▶ [Task item] From the line containing "브릿지저널 김경미 기자" to the line containing "cMczone.com, Sragen –" in the records below, set down every line exactly as it stands, both ends included, and skip the pictures.

▶ [Data to examine]
=== Section Start ===

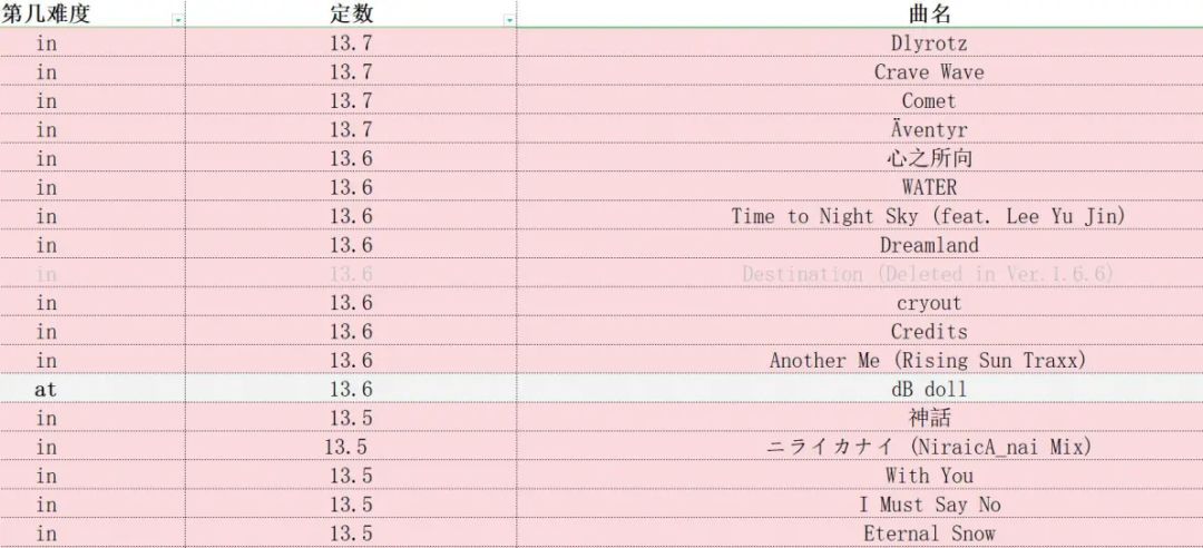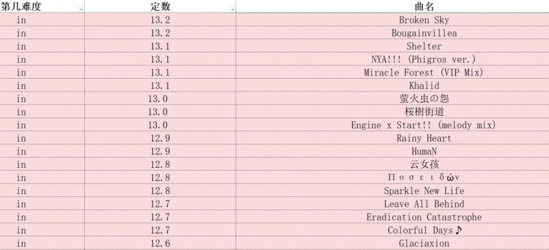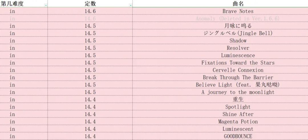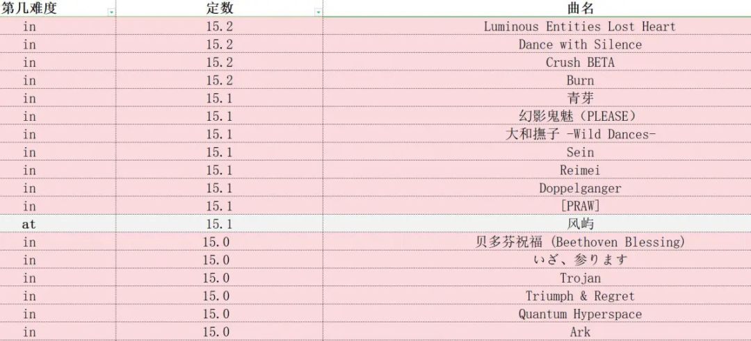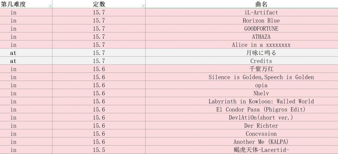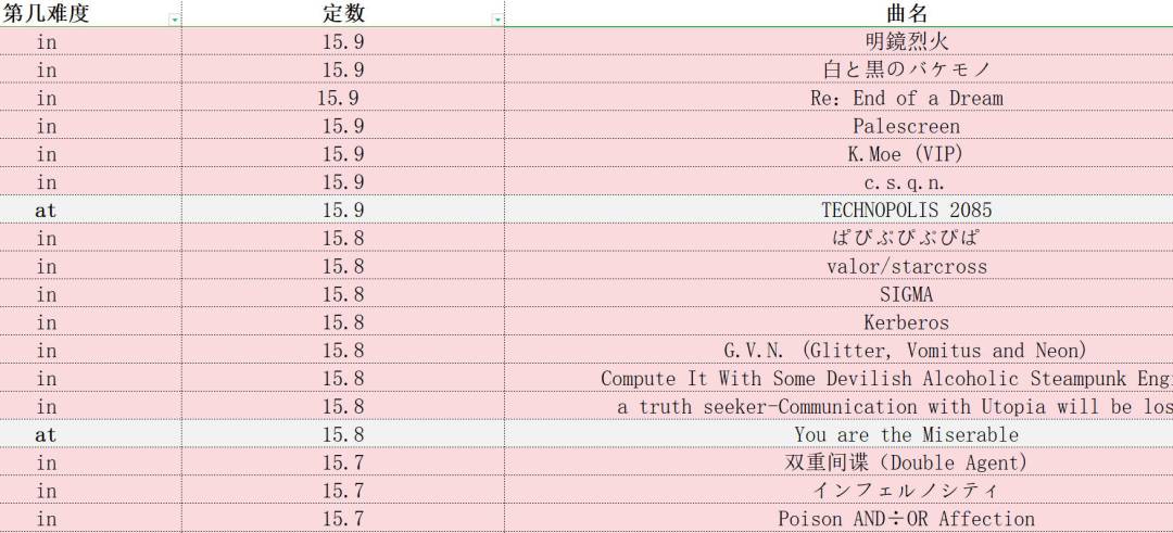 phigros定数表(仅限in、at,此专栏里图片上的成绩都是初见)
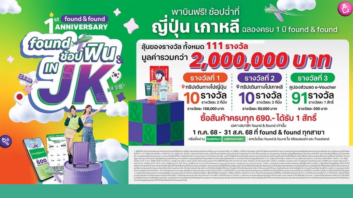 “found & found” บิวตี้เดสติเนชันสินค้าความงามจากญี่ปุ่น–เกาหลี ส่งแคมเปญพิเศษฉลองครบรอบ 1 ปี ชวนนักช้อปร่วมลุ้น บินลัดฟ้าฟรี ช้อปฉ่ำที่ ญี่ปุ่น เกาหลี กับเที่ยวบิน “found ช้อปฟิน IN JK” และลุ้นรับ ของรางวัลอื่นๆ อีกมากมาย เพียงซื้อสินค้าที่ร่วมรายการในร้าน found & found ครบทุก 690 บาท จะได้ลุ้น 1 สิทธิ์ ยิ่งซื้อเยอะ ยิ่งมีสิทธิ์เยอะ ร่วมเป็นหนึ่งในผู้โชคดีลุ้นรับของรางวัลกว่า 111 รางวัล รวมมูลค่ากว่า 2,000,000 บาท สามารถร่วมสนุกลุ้นรับโชคกับแคมเปญนี้ได้ ตั้งแต่วันที่ 1 ก.ค.-31 ส.ค. 2568 นี้เท่านั้น
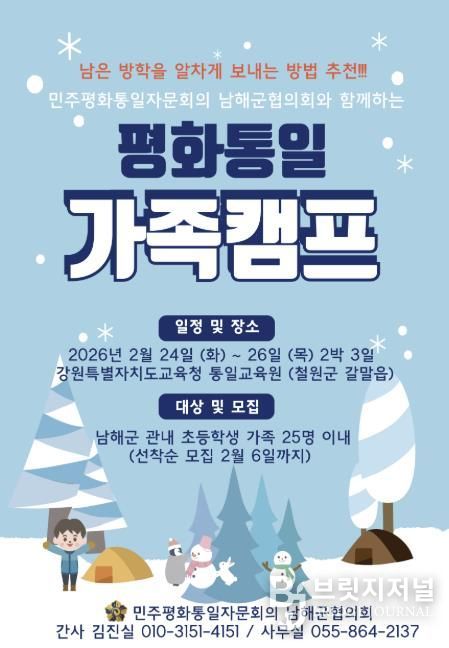 브릿지저널 김경미 기자 | 민주평화통일자문회의 경남남해군협의회는 관내 초등학생과 그 가족을 대상으로 ‘2026 평화통일 가족캠프’ 참가자를 모집한다고 밝혔다.
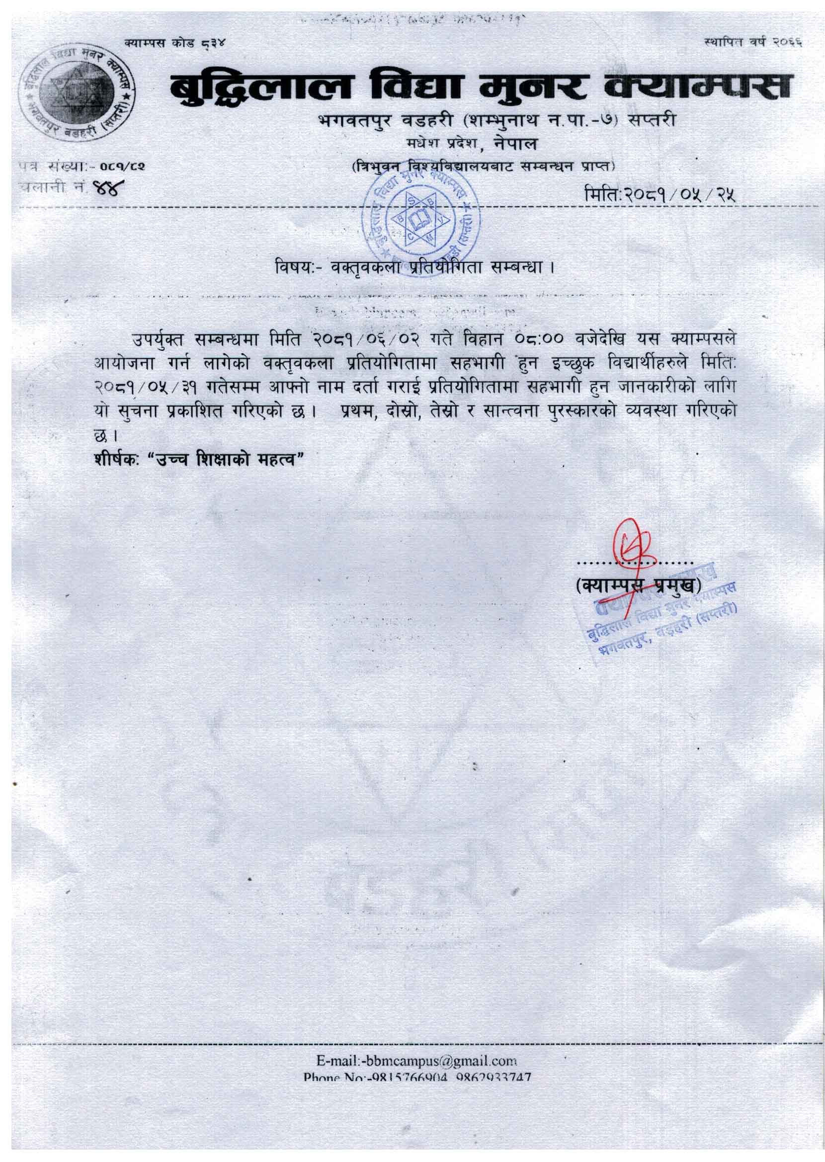 वक्तृवकला प्रतियाेगिता सम्बन्धमा
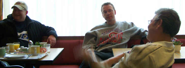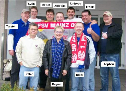 Zu Birger, Niels, Stefan, Sven, Peter, Torsten, Frank, Andreas und Andreas ist in Mainz auch Regina (Bildmitte) aus Bielefeld dazu gestoßen, jetzt waren wir komplett. | |
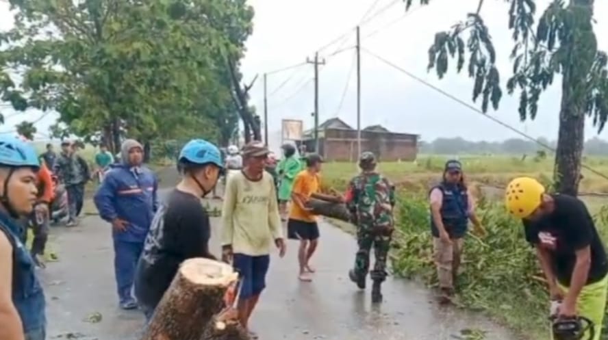 cMczone.com, Sragen – Curah hujan yang disertai angin kencang pada Hari Jum’at (03/10/2025) menyebabkan sebuah pohon berukuran besar tumbang dan menutup sebagian badan jalan di Dukuh Saradan Desa Saradan Kecamatan Karangmalang. Melihat kondisi tersebut, Serda Batjo segera turun tangan membantu warga melakukan pembersihan agar akses jalan kembali normal.
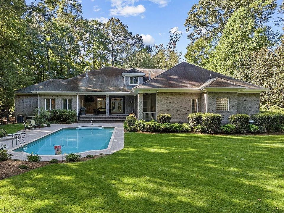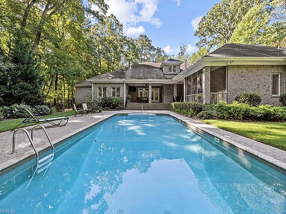Absolutely gorgeous ranch home in sought-after Little Neck! Situated on nearly 1.5 acres, this fabulous all-brick home features nearly 6,000sf of high-end details, including luxury shutters, indoor-outdoor surround sound, and five-zone HVAC. Gleaming cherry-wood floors welcome you to the large open-floorplan living area, which leads through the French doors to the meticulously landscaped yard complete with large in-ground pool, Travertine patio, screened porch, and covered outdoor living space with TV! Large upstairs den with counter bar and half bath is perfect for game days and movie nights, while the gourmet kitchen with double-oven, instant hot water, and upgraded countertops and cabinetry is a chef's dream. An outstanding feature is the complete in-law suite with additional bedrooms, bathrooms, living room, kitchen, garage, and private entrance- great for multi-gen living or extra space! A private oasis in one of the top neighborhoods in VB, the only thing missing is you!
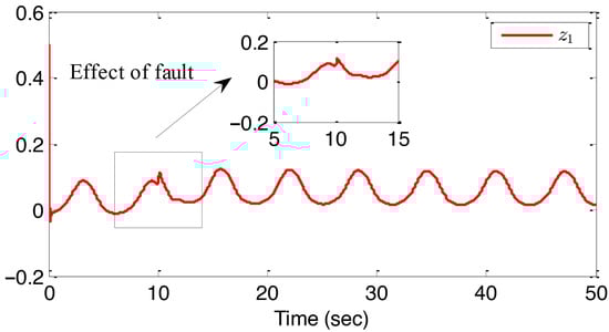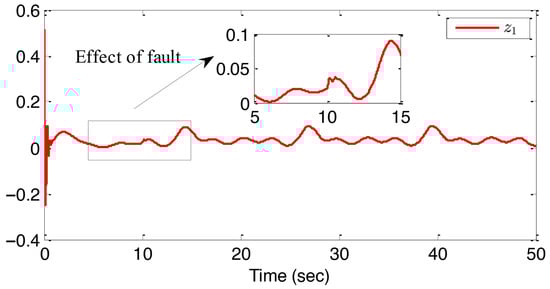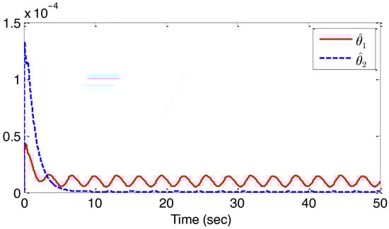 The initial conditions are set as and . The design parameters are , , , , , , , , and . The RBF neural networks are configured as follows: consists of 49 nodes evenly distributed across the interval with a width of 2, while includes 343 nodes uniformly spread over with a width of 2.
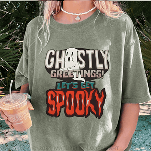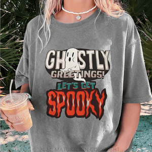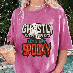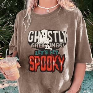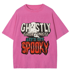 Maturelion Halloween Chosty Greetings! Let's Get Spooky DTG Printing Washed Cotton T-Shirt
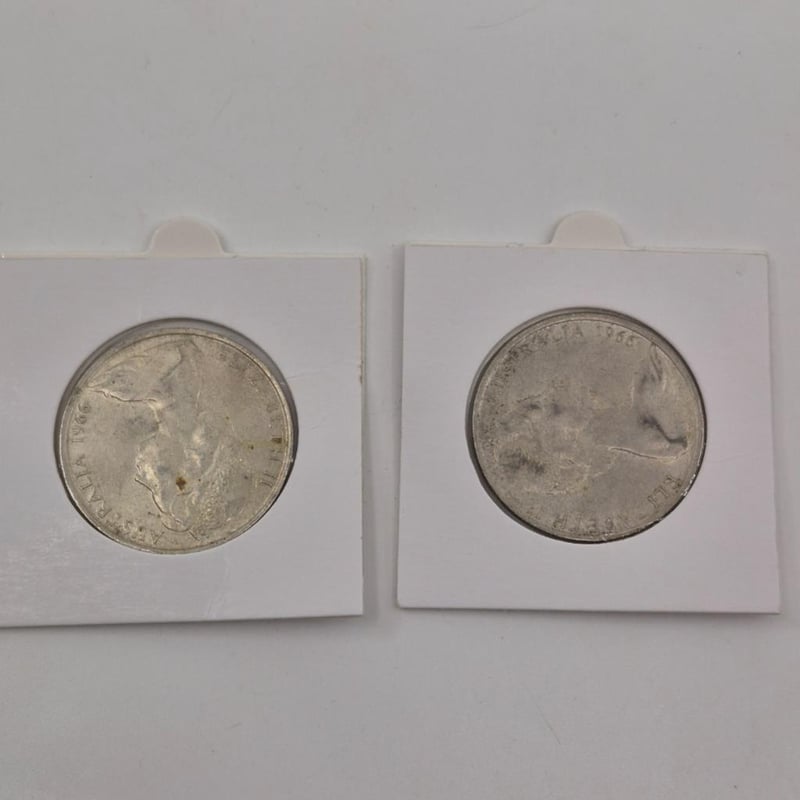AUSTRALIAN COIN Two Australian 1966 Round Silver Fifty Cent Coin. Condition: High Grade587658+98

=== Section End ===

▶ [Task answer]
 브릿지저널 김경미 기자 | 민주평화통일자문회의 경남남해군협의회는 관내 초등학생과 그 가족을 대상으로 ‘2026 평화통일 가족캠프’ 참가자를 모집한다고 밝혔다.
 वक्तृवकला प्रतियाेगिता सम्बन्धमा
 Zu Birger, Niels, Stefan, Sven, Peter, Torsten, Frank, Andreas und Andreas ist in Mainz auch Regina (Bildmitte) aus Bielefeld dazu gestoßen, jetzt waren wir komplett. | |
 cMczone.com, Sragen – Curah hujan yang disertai angin kencang pada Hari Jum’at (03/10/2025) menyebabkan sebuah pohon berukuran besar tumbang dan menutup sebagian badan jalan di Dukuh Saradan Desa Saradan Kecamatan Karangmalang. Melihat kondisi tersebut, Serda Batjo segera turun tangan membantu warga melakukan pembersihan agar akses jalan kembali normal.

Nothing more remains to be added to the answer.